Example: The researcher assigns every member in the company database

a number. Instead of randomly generating numbers, a random starting
point (say 5) is selected. From that number onwards, the researcher
selects every, say, 10th person on the list (5, 15, 25, and so on) until the
sample is obtained.
3. Stratified Sampling

In stratified sampling, the population is subdivided into subgroups, called

strata, based on some characteristics (age, gender, income, etc.). After
forming a subgroup, you can then use random or systematic sampling to
select a sample for each subgroup. This method allows you to draw more
precise conclusions because it ensures that every subgroup is properly
represented.

Example: If a company has 500 male employees and 100 female

employees, the researcher wants to ensure that the sample reflects the
gender as well. So the population is divided into two subgroups based on
gender.

4. Cluster Sampling

In cluster sampling, the population is divided into subgroups, but each

subgroup has similar characteristics to the whole sample. Instead of
selecting a sample from each subgroup, you randomly select an entire
subgroup. This method is helpful when dealing with large and diverse
populations.

Example: A company has over a hundred offices in ten cities across the
world which has roughly the same number of employees in similar job
roles. The researcher randomly selects 2 to 3 offices and uses them as the
sample.

Here comes the next type of sampling techniques i.e., Non-Probability

Sampling Techniques
Non-Probability Sampling Techniques

Non-Probability Sampling Techniques is one of the important types of

Sampling techniques. In non-probability sampling, not every individual has
a chance of being included in the sample. This sampling method is easier
and cheaper but also has high risks of sampling bias. It is often used in
exploratory and qualitative research with the aim to develop an initial
understanding of the population.

1. Convenience Sampling

In this sampling method, the researcher simply selects the individuals

which are most easily accessible to them. This is an easy way to gather
data, but there is no way to tell if the sample is representative of the
entire population. The only criteria involved is that people are available
and willing to participate.

Example: The researcher stands outside a company and asks the

employees coming in to answer questions or complete a survey.

2. Voluntary Response Sampling

Voluntary response sampling is similar to convenience sampling, in the

sense that the only criterion is people are willing to participate. However,
instead of the researcher choosing the participants, the participants
volunteer themselves.

Example: The researcher sends out a survey to every employee in a

company and gives them the option to take part in it.

3. Purposive Sampling

In purposive sampling, the researcher uses their expertise and judgment

to select a sample that they think is the best fit. It is often used when the
population is very small and the researcher only wants to gain knowledge
about a specific phenomenon rather than make statistical inferences.

Example: The researcher wants to know about the experiences of disabled

employees at a company. So the sample is purposefully selected from this
population.

4. Snowball Sampling

In snowball sampling, the research participants recruit other participants

for the study. It is used when participants required for the research are
hard to find. It is called snowball sampling because like a snowball, it picks
up more participants along the way and gets larger and larger.

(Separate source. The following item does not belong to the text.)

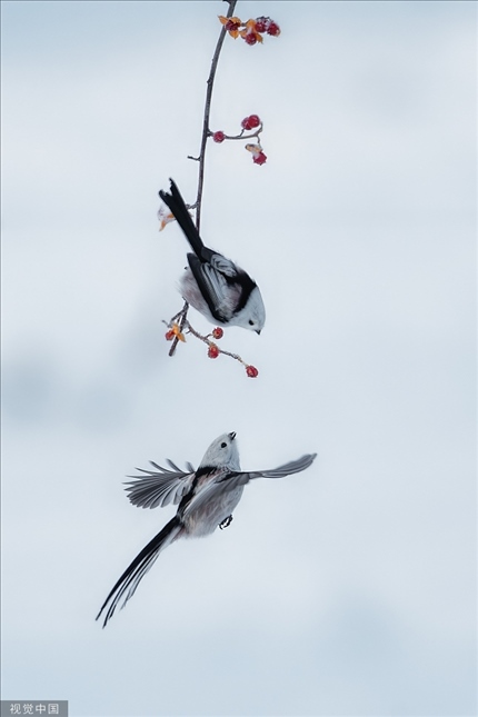 黑龍江大慶,城市森林公園,北長(zhǎng)尾山雀在雪中嬉戲、打斗、覓食。

Example: The researcher wants to know about the experiences of

homeless people in a city. Since there is no detailed list of homeless
people, a probability sample is not possible. The only way to get the
sample is to get in touch with one homeless person who will then put you
in touch with other homeless people in a particular area.

Which Sampling Technique to Use?

In this article on types of sampling techniques in Data Analytics, we

covered everything about probability and non-probability sampling
techniques. For any type of research, it is necessary that you choose the
right sampling techniques before diving into the study. The effectiveness
of your research is hugely dependent on the sample that you choose.
These are just the top types of sampling techniques and there are still lots
more that you can choose from to refine your research. In order
to become a data analyst, you have to be exactly sure of what sampling
techniques you should use and when. If you want to learn more about
data analytics, Simplilearn’s Data Analytics Certification Program, in
partnership with Purdue University and in collaboration with IBM, features
masterclasses and follows a boot camp model designed with real-life
projects and business case studies. Get started with this course today and
embark on a successful career in data analytics.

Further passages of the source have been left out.